The yaw bearing functions as the rotatable interface connecting the rotor nacelle assembly (RNA) to the tower top. By incorporating a YawSystem with a Bearing definition in the input JSON, it is possible to include a rotational joint between the Tower component and the DrivetrainAndNacelle component. The properties of the Bearing are:

• Damping: The rotational damping coefficient and is modeled as viscous damping.

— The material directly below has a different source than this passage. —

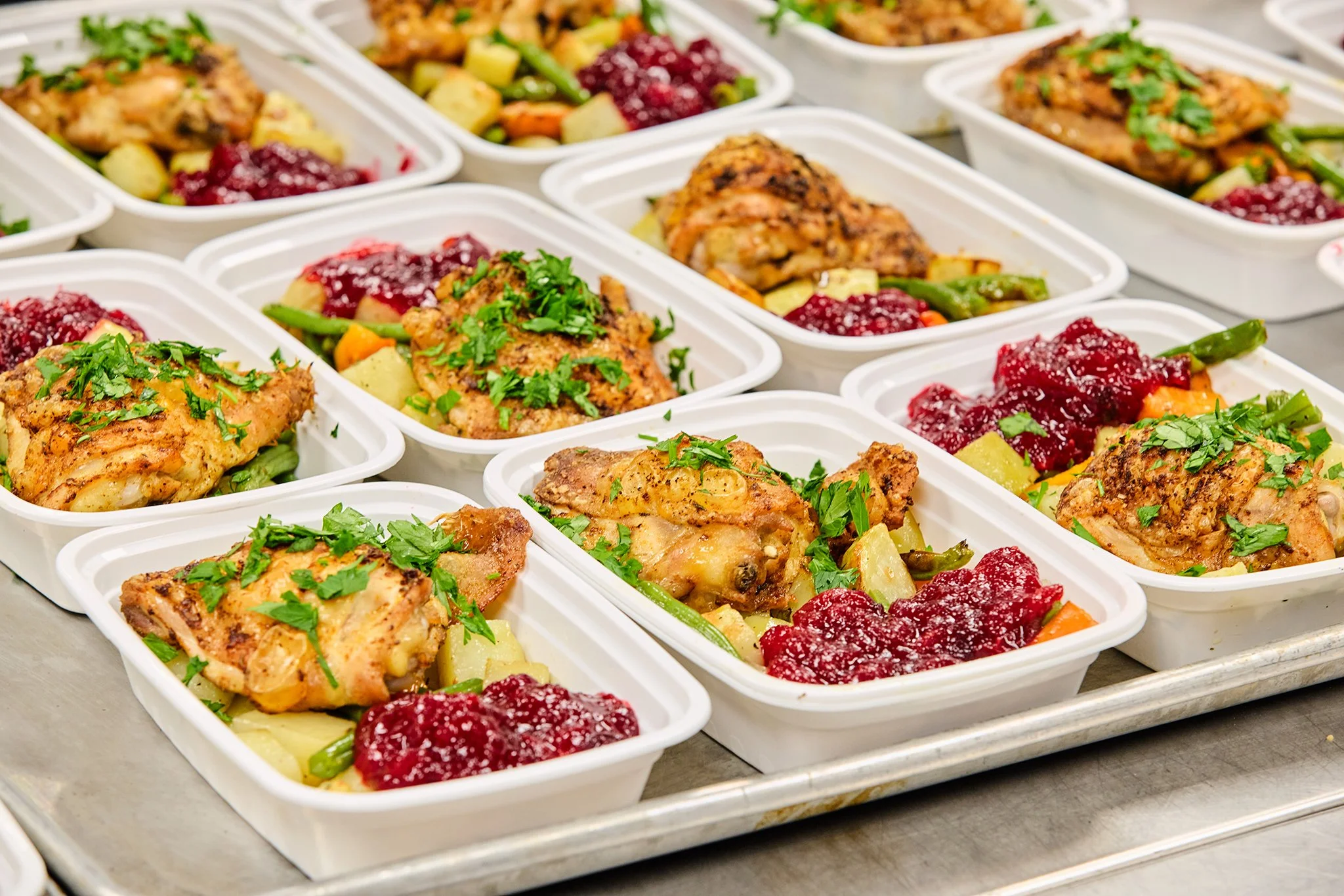 At Community Meal Prep Club, we gather groups together to prepare vibrant, delicious meals for donation. In partnership with local food security organizations and mission-driven kitchen spaces, we join the effort of ending hunger in our communities.

• Friction: The total kinetic friction torque expressed in \(\bunit{N}/\bunit{m}\), when the bearing is moving.
• Stiction: The total rotational stiction torque (expressed in \(\bunit{N}/\bunit{m}\)) occurs when the rotor nacelle assembly remains stationary. This value needs to exceed the specified friction, as it represents the total stiction during standstill. If only the Bearing component is included in the "YawSystem", the multibody representation assumes a gearbox component with a gear ratio of 1, as shown in Figure 1.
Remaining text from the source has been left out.